Литература наша была плодом сознательной мысли, явилась как нововведение, началась подражательностию. Но она не остановилась на этом, а постоянно стремилась к самобытности, народности, из риторической стремилась сделаться естественною, натуральною. Это стремление, ознаменованное заметными и постоянными успехами, и составляет смысл и душу истории нашей литературы. И мы не обинуясь скажем, что ни в одном русском писателе это стремление не достигло такого успеха, как в Гоголе. Это могло совершиться только через исключительное обращение искусства к действительности, помимо всяких идеалов. Для этого нужно было обратить все внимание на толпу, на массу, изображать людей обыкновенных, а не приятные только исключения из общего правила, которые всегда соблазняют поэтов на идеализирование и носят на себе чужой отпечаток. Это великая заслуга со стороны Гоголя, но это-то люди старого образования и вменяют ему в великое преступление перед законами искусства. Этим он совершенно изменил взгляд на самое искусство. К сочинениям каждого из поэтов русских можно, хотя и с натяжкою, приложить старое и ветхое определение поэзии, как «украшенной природы»; но в отношении к сочинениям Гоголя этого уже невозможно сделать. К ним идет другое определение искусства — как воспроизведение действительности во всей ее истине. Тут все дело в типах, а идеал тут понимается не как украшение (следовательно, ложь), а как отношения, в которые автор становит друг к другу созданные им типы, сообразно с мыслию, которую он хочет развить своим произведением.

Искусство в наше время обогнало теорию.
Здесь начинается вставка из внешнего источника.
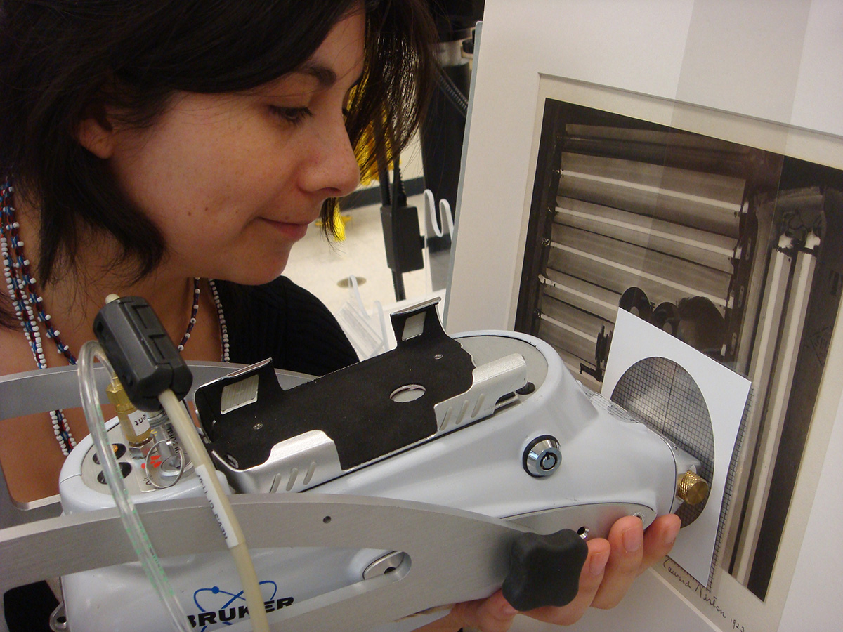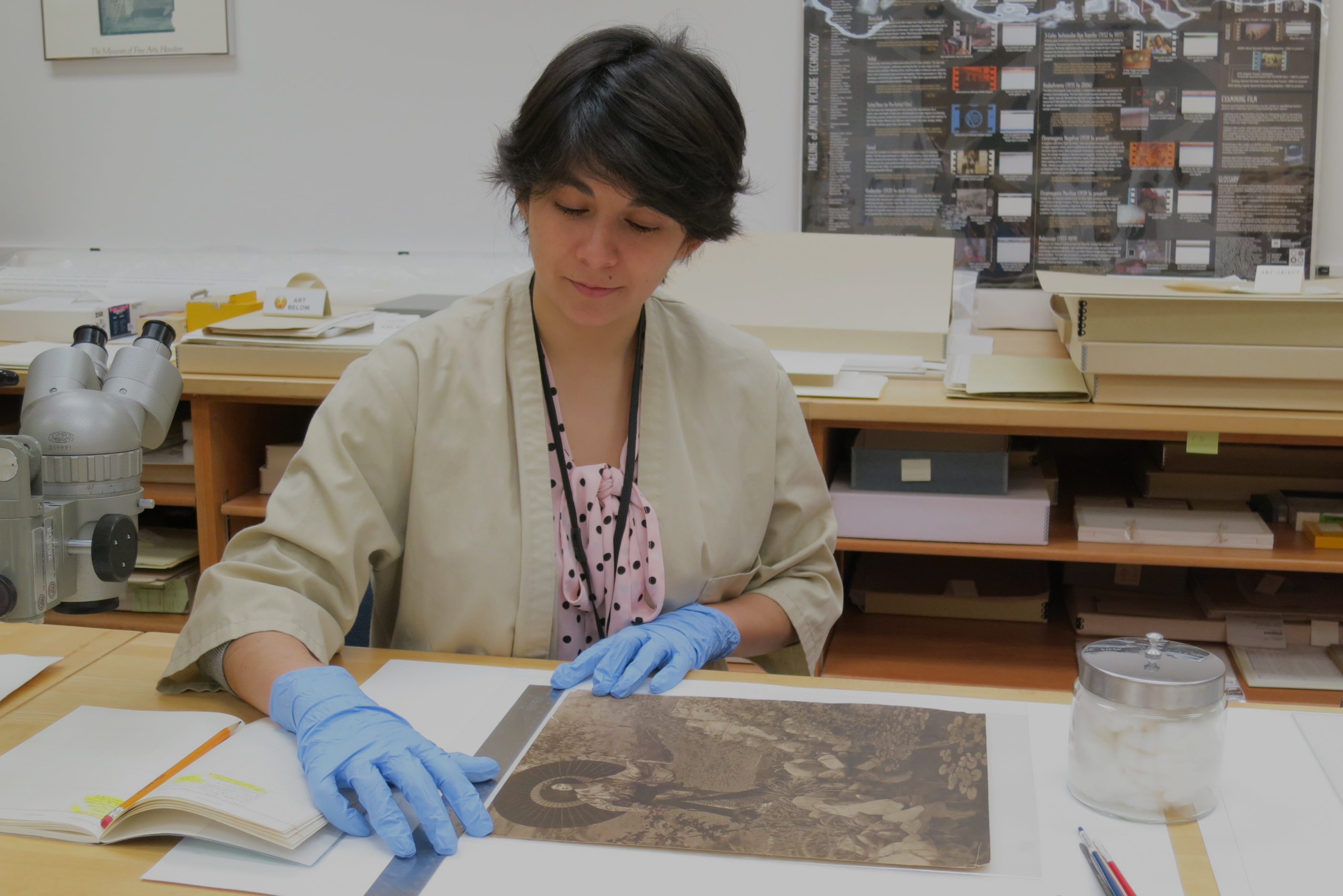 February 11, 2015, Filed Under: Conservation, Meet the Staff, PhotographyMeet the Staff: Diana Diaz Cañas, Photograph Conservator Meet the Staff is a Q&A series on Cultural Compass that highlights the work, experience, and lives of staff at the Harry Ransom Center. Diana has a Bachelor of Arts in Conservation from Bogotá, Colombia and she specialized in Photograph conservation in Mexico City, Mexico. She has worked in private workshops and labs and came to the Ransom Center following her work at the Frida Kahlo Museum and the National School for Conservation (ENCRyM) both in Mexico City. Diaz works on a treatment in the photography conservation lab at the Ransom Center. Photo by Jane Boyd and Barbara Brown. What do you like best about your job? I like the fact that we can actually touch the objects and handle them carefully but with confidence. Usually when you go to a museum, you are not allowed to touch anything, you are only allowed to see and be very careful. In conservation, while performing a treatment, it is usually necessary to handle the objects to take care of them. This allow us to better understand the materiality of the object. What is your favorite item that has come through your office? I was very lucky when I first arrived because the “First Photograph” was coming back from an exhibition in Germany. The case needed some maintenance after the exhibition, so it was brought to us at the Photograph Conservation Lab, and I had the chance to view the photograph outside of its case and look at it closely to check its condition. It was amazing. What was your most challenging project? In Mexico City, I worked on a huge collage with photographs from the end of the nineteenth century. It was a commemoration of Mexico’s independence, with portraits of independence heroes as well as politicians and diplomats of the time. It measures approximately 8 x 10 feet and has more than 700 photographs. It had several structural problems that needed attention and became very complicated due to the size and the mixture of materials in the collage, and it was a lot of work to treat each photograph, one by one. Here at the Ransom Center, I worked on very tightly rolled panoramas that needed to be flattened for the World War I exhibition. The work was delicate and complicated, especially because the paper was brittle and had some tears that needed mending. What is the most useful tool in your profession? For everyday use, the microscope and the spatula are the most helpful tools for identification and treatment of photographs. Equipment used to perform scientific analysis is also very useful and helps us to better understand the chemical composition of the objects and works of art we work with. It is very important for us to first identify the photographic technique of every print or negative that comes to the lab before performing any treatment, as this determines how fragile a photograph might be. For example, some photographs are more sensitive to light, while others are more sensitive to handling. Identifying photographic techniques also allows us to choose appropriate conservation treatments. Does your Spanish proficiency aid you in your work? Sometimes, especially because of Texas’s strong connection with Latin American culture. Many archives are from native Spanish speakers, and others have Spanish inscriptions. My language skills help me understand some details about the objects, and are sometimes helpful when interacting with patrons interested in the Ransom Center’s collections. What drew you to photo conservation? My father, who was a photographer and filmmaker, first influenced me. I used to see him filming and taking pictures, and then I played with his cameras. When I started in conservation, I liked working with paper, so my first job was as a paper conservator in an archive where photographs started to be more and more common. I was asked to survey a new collection that had an important number of photographic materials, and at that moment I realized I did not really know how to talk about the materiality of photographs or their decay with time. I realized that I didn’t know much, but I wanted to. That curiosity and my father’s influence were what helped me decide to work in this field. You worked in the Frida Kahlo Museum in Mexico City. What did you like most about working there? It was great to learn about her as an artist, but also as a person by seeing her pictures. Her father was a renowned photographer, so there is a large collection of family photographs, together with images of her in bed after one of several operations, with an apparatus installed in the bed that held a canvas and allowed her to paint while recovering. Others show the work in progress of some of her most important paintings. There are also photographs with or from other artists and friends of Frida such as Nickolas Muray and Diego Rivera. These pictures show an intimate part of her life that nobody had seen before and have an incredible value for researchers and scholars. When Frida died, Diego locked up her personal effects and other belongings, including unfinished paintings, in bathrooms at the Blue House that had been converted into storerooms. Diego entrusted the archive to his friend Dolores Olmedo, with the instruction to keep it locked until 15 years after his death, but Dolores decided to keep it locked until after her own death. So 50 years passed before the storage rooms were opened and the museum was able to process Frida’s personal archive and establish conservation needs and exhibitions. I feel very fortunate to have contributed to the preservation of her archive. There’s a Frida Kahlo portrait at the Ransom Center. It’s remarkable that we have it here. The painting is one of her most important pieces. Actually, I had the chance to courier it back to the Ransom Center. It was featured in an exhibition that highlighted surreal artists, and I had the chance to return it to t

Старые теории потеряли весь свой кредит; даже люди, воспитанные на них, следуют не им, а какой-то странной смеси старых понятий с новыми. Так, например, некоторые из них, отвергая старую французскую теорию во имя романтизма, первые подали соблазнительный пример выводить в романе лица низших сословий, даже негодяев, к которым шли имена Вороватиных и Ножовых; но они же потом оправдывались в этом тем, что вместе с безнравственными лицами выводили и нравственные под именем Правдолюбовых, Благотворовых и т. п.[320] В первом случае видно было влияние новых идей, во втором — старых, потому что по рецепту старой пиитики необходимо было на несколько глупцов отпустить хоть одного умника, а на нескольких негодяев хоть одного добродетельного человека.[321] Но в обоих случаях эти междоумки совершенно упускали из виду главное, то есть искусство, потому что и не догадывались, что их и добродетельные и порочные лица были не люди, не характеры, а риторические олицетворения отвлеченных добродетелей и пороков. Это лучше всего и объясняет, почему для них теория, правило важнее дела, сущности: последнее недоступно их разумению. Впрочем, от влияния теории не всегда избегают и таланты, даже гениальные. Гоголь принадлежит к числу немногих, совершенно избегнувших всякого влияния какой бы то ни было теории. Умея понимать искусство и удивляться ему в произведениях других поэтов, он тем не менее пошел своей дорогою, следуя глубокому и верному художническому инстинкту, каким щедро одарила его природа, и не соблазняясь чужими успехами на подражание. Это, разумеется, не дало ему оригинальности, но дало ему возможность сохранить и выказать вполне ту оригинальность, которая была принадлежностью, свойством его личности и, следовательно, подобно таланту, даром природы. От этого он и показался для многих как бы извне вошедшим в русскую литературу, тогда как на самом деле он был ее необходимым явлением, требовавшимся всем предшествовавшим ее развитием.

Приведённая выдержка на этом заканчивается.